What you should do:
Your job with the data below: print everything from the line that holds "강조했고, 그 모습을" down to the line that holds "Зелень помойте, мелко", ends included, exactly, and nothing else.

Input material below:

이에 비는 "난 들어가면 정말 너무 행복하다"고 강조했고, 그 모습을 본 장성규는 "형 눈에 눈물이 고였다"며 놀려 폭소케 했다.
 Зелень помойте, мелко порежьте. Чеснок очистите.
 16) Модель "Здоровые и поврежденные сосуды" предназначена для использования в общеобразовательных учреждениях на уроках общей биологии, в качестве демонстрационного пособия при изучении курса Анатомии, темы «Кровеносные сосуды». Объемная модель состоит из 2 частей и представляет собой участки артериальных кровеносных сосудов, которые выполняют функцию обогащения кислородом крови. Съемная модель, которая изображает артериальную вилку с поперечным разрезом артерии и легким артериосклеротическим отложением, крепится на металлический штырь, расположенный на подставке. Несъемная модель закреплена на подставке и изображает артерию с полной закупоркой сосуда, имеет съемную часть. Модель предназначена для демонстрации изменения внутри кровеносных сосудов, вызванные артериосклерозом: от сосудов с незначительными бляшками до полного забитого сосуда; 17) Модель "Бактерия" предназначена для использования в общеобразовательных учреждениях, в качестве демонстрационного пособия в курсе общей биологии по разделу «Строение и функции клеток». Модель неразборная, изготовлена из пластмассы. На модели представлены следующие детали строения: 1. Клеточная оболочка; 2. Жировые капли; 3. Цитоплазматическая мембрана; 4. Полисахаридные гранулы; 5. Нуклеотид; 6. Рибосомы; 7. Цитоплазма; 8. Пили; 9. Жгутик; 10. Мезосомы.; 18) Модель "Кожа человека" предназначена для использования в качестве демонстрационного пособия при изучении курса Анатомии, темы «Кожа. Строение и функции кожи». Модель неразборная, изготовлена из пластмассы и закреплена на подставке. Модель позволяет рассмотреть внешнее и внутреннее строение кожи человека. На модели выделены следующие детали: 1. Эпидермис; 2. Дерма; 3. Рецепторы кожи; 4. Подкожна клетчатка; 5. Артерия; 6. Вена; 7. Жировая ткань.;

End of Input material.
Input material below:

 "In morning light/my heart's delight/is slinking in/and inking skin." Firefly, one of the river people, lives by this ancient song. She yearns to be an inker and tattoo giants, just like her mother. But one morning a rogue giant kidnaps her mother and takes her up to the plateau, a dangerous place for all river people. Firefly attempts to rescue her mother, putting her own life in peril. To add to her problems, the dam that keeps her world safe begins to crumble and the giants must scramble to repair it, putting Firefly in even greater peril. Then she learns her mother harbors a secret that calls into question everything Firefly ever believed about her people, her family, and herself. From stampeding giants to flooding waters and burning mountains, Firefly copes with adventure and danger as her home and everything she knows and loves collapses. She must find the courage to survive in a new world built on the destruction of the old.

End of Input material.

Solved exercise:
이에 비는 "난 들어가면 정말 너무 행복하다"고 강조했고, 그 모습을 본 장성규는 "형 눈에 눈물이 고였다"며 놀려 폭소케 했다.
 Зелень помойте, мелко порежьте. Чеснок очистите.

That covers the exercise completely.